5. RESTRICTIONS ON TRANSFER; REGISTRATION OF SHARES; PAYMENT IN
CERTAIN CIRCUMSTANCES.
5.1. Subscriber acknowledges that (a) the offer and sale of the Shares
have not been registered under the Securities Act of 1933, as amended (the
"Act"), or applicable state securities laws, and may not be sold, transferred,
pledged, or otherwise disposed of unless subsequently so registered or unless
Subscriber delivers to Perfumania an opinion of counsel satisfactory to
Perfumania that such sale, transfer, pledge or disposition is exempt from
registration under the Act; (b) except as provided in this Agreement,
Perfumania is under no obligation to register or facilitate any resale of the
Shares; and (c) any certificate evidencing the Shares will bear a restrictive
legend prohibiting the transfer thereof except in compliance with clause (a) of
this Section 5.1.
5.2. Perfumania shall prepare and file with the Securities and
Exchange Commission (the "SEC"), and shall use its best efforts to cause to
become effective within six (6) months after the date hereof (the "Registration
Deadline Date"), a registration statement (the "Shelf Registration Statement")
and such other documents as may be necessary in the opinion of counsel for
Perfumania, in order to comply with the provisions of the Act so as to permit
the registered resale of the Shares by Subscriber in open market transactions.
Perfumania shall give Subscriber notice, at its address set forth on the
signature page hereof, of the filing and effectiveness of the Shelf
Registration Statement. The registration rights provided under this Section 5.2
are not assignable by Subscriber.
5.3. In connection with the registration of the Shares, Perfumania
will: (a) prepare and file with the SEC a registration statement with respect
to the Shares and use its best efforts to cause such registration statement to
become effective by the Registration Deadline Date; (b) prepare and file with
the SEC such amendments and supplements to such registration statement and the
prospectus used in connection therewith as may be necessary to keep such
registration statement effective for the period (the "Effective Period")

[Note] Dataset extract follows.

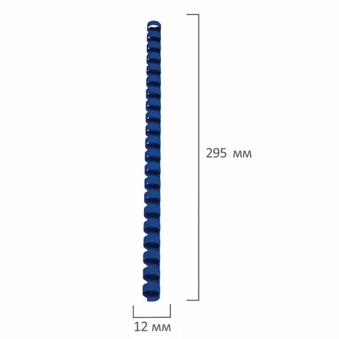Рекомендуется использовать для переплета документов объемом от 56 до 80 листов. Изготовлена из высококачественного пластика синего цвета. Состоит из 21 кольца диаметром 12 мм. В упаковке 100 штук.
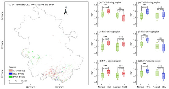 The results of our t-test showed the EVI response to temperature and precipitation changes in Figure 7b–g: (1) In the TMP-driving region (Figure 7b), the EVI in the hot year was significantly greater than in the normal year, while significantly lower than the normal year in the cold year. This means that the EVI increased with the increase in temperature and decreased with a decrease in temperature. This result implies that warming temperatures may promote forest growth and cooling temperatures may interfere with forest growth in the TMP-driving regions. However, both the EVI in the hot and cold years were significantly greater than the normal year in Figure 7c,d. This means that temperature change (warming or cooling) may not affect the EVI in the PRE-driving region and the SWD-driving regions. (2) In the TMP-driving region (Figure 7e), the EVI in the wet and dry years was significantly greater than in the normal year. This means that precipitation change (wetness or drying) may not affect the EVI. However, both the EVI in the wet year was significantly greater than the normal year in the PRE-driving region and the SWD-driving region, while significantly lower than the normal year in the dry year (Figure 7f–g). This means that the EVI increased with an increase in precipitation and reduced with a decrease in precipitation. This result implies that increased precipitation may promote forest growth whereas decreased precipitation could interfere with forest growth in the PRE-driving region and the SWD-driving region.

commencing on the effective date of such registration statement (the "Effective
Date") and ending on the later of (i) six months after the Effective Date, or
(ii) one year after the date hereof, and to comply with the requirements of the
Act and the rules and regulations promulgated by the SEC thereunder relating to
the sale or other disposition of the securities covered by such registration
statement; (c) furnish to Subscriber such numbers of copies of a prospectus,
including a preliminary prospectus, complying with the requirements of the Act,
as Subscriber may reasonably request in order to facilitate the public sale or
other disposition of the Shares owned by Subscriber; and (d) use its best
efforts to register or qualify the securities covered by such registration
statement under the securities laws of any state within the United States as
Subscriber shall reasonably request, and do any and all such other acts and
things as may be necessary or advisable to enable Subscriber to consummate the
public sale or other disposition of the Shares owned by Subscriber in such
states; PROVIDED, that Perfumania shall not be obligated to register or qualify
such securities in any jurisdiction in which such registration or qualification
would require Perfumania to qualify as a foreign corporation or file any
general consent to service of process where it is not then so qualified or has
not theretofore so consented.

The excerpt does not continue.